**Problem details:**
Output nothing but the lines from the beginning of the listing below through the line containing "Kiton Handmade Italian", exactly as they stand, without pictures.

--- Collected material ---

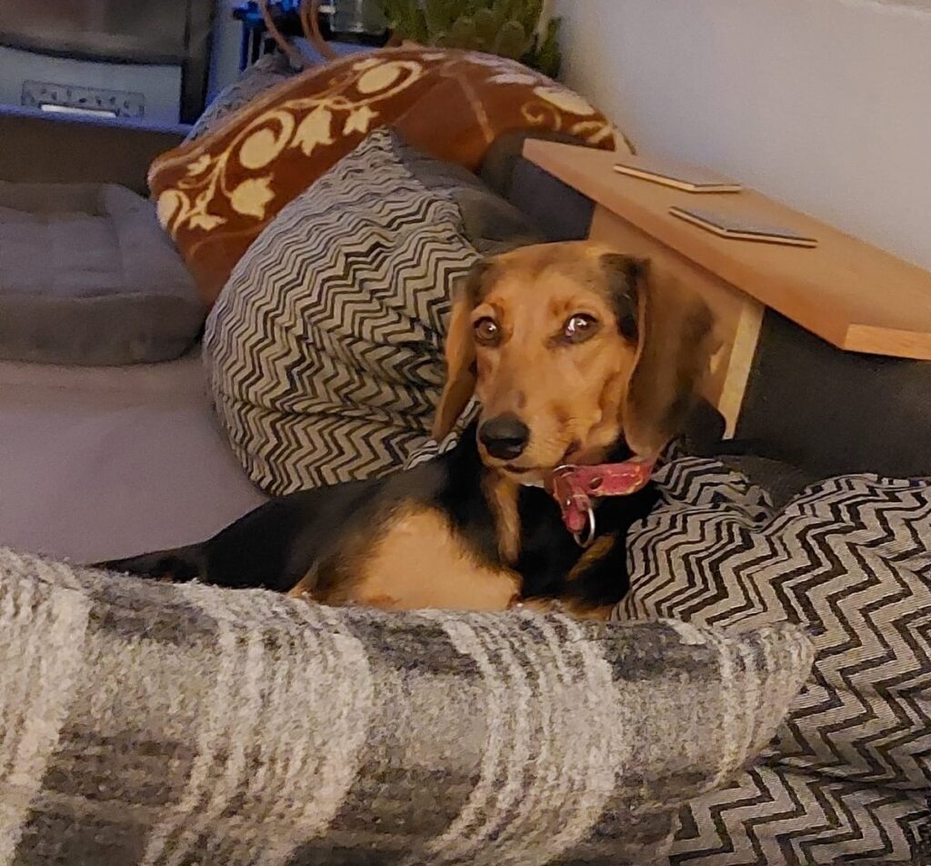 Pria ist eine kleine griechische Bracke, 12 Kilo, 2–3 Jahre alt, lustig, lebendig, verträglich, stubenrein und lernt sehr schnell. Für
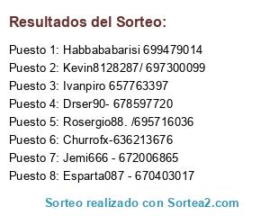 Lista de participantes: Esparta087 - 670403017, Drser90- 678597720, Habbababarisi 699479014, Kevin8128287/ 697300099, Churrofx-636213676, Ivanpiro 657763397, Rosergio88. /695716036, Jemi666 - 672006865.
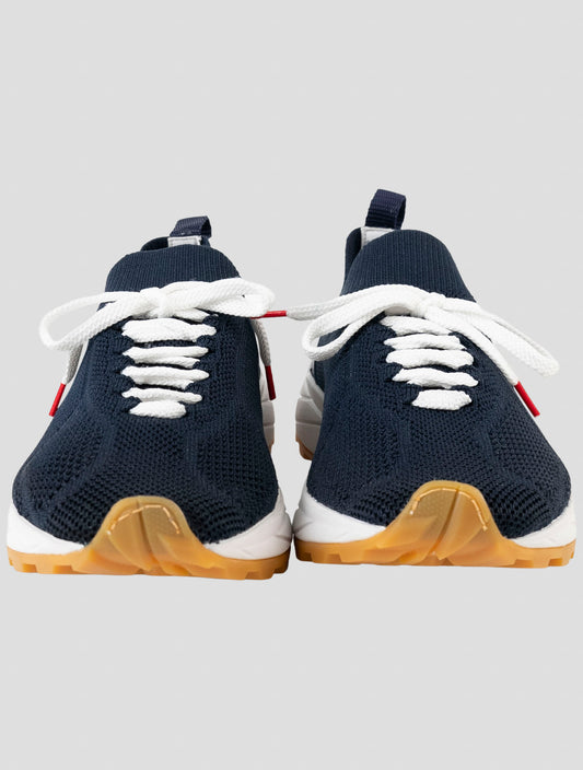 Kiton Handmade Italian Blue Cotton Sneakers Men's Luxury
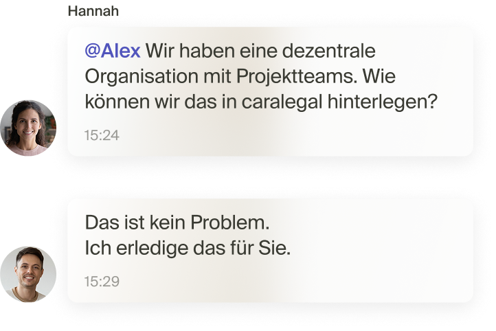 Ihr persönlicher Customer Success Manager unterstützt Sie bei der Konzeption, beim Rollout und dem Optimieren von caralegal.

---

**Result:**
 Pria ist eine kleine griechische Bracke, 12 Kilo, 2–3 Jahre alt, lustig, lebendig, verträglich, stubenrein und lernt sehr schnell. Für
 Lista de participantes: Esparta087 - 670403017, Drser90- 678597720, Habbababarisi 699479014, Kevin8128287/ 697300099, Churrofx-636213676, Ivanpiro 657763397, Rosergio88. /695716036, Jemi666 - 672006865.
 Kiton Handmade Italian Blue Cotton Sneakers Men's Luxury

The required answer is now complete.